Comparison of procalcitonin testing to a targeted audit-and-feedback strategy on prescribed durations of therapy for community-acquired pneumonia

Abstract

The procalcitonin (PCT) assay is FDA-approved to help guide antimicrobial treatment, however, conflicting data exist regarding its impact on durations of therapy. The purpose of this study was to compare the impact of PCT to a targeted audit-and-feedback (TAF) strategy on antibiotic durations of therapy for community-acquired pneumonia (CAP). A retrospective cohort study was conducted at two community teaching hospitals, one implementing PCT with routine audit-and-feedback and one implementing TAF recommending 5 days of therapy for uncomplicated CAP. Three hundred eleven patients with antibiotics ordered having an indication of pneumonia were included (Pre-TAF n = 80, Pre-PCT n = 80, Post-TAF n = 80, Post-PCT n = 71).
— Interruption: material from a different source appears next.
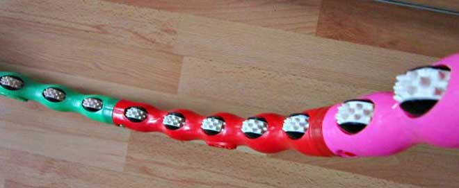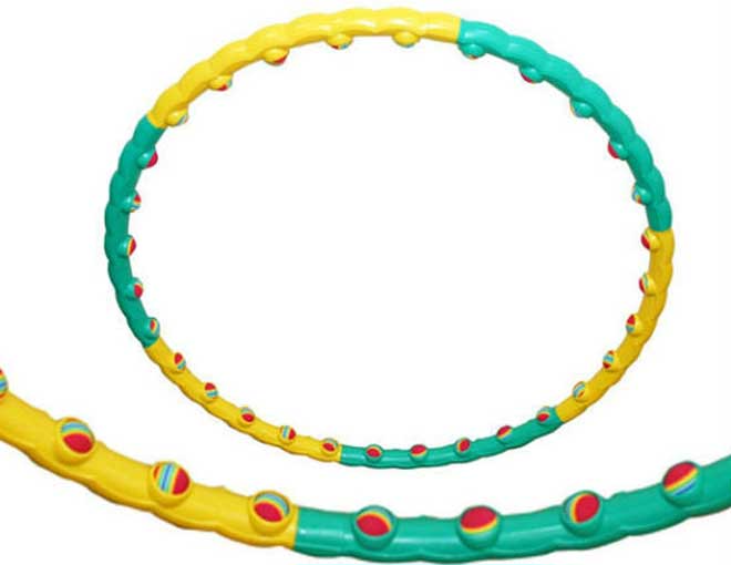 - Массажный обруч. На обратной стороне хулахупа, той, что непосредственно соприкасается с телом, присутствуют выпуклости или подвижные ролики. Во время тренировки они массируют зону талии, улучшая кровообращение в этой области и активизируя сжигание жира. Продвинутые версии такого хулахупа снабжаются счетчиком. Он фиксирует количество и интенсивность вращений, число израсходованных калорий, рассчитывает оптимальную продолжительность тренировок.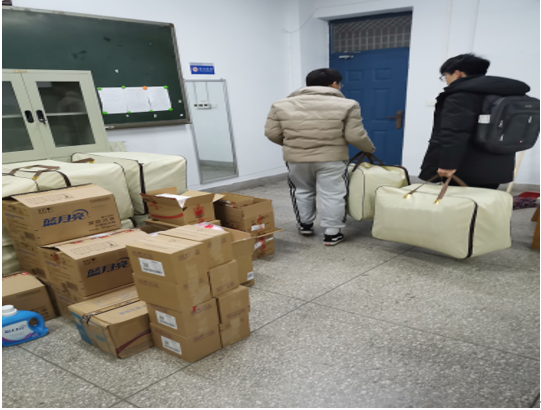 同学们领取越冬物资

Average duration of therapy was similar at baseline (Pre-TAF = 7.0 days vs Pre-PCT = 7.8 days, p = 0.1) and post-intervention (Post-TAF = 5.5 days vs Post-PCT = 5.4 days, p = 0.8) between groups. PCT and TAF were equally effective antimicrobial stewardship strategies in reducing total days of antibiotic therapy prescribed for CAP with no differences observed in patient outcomes.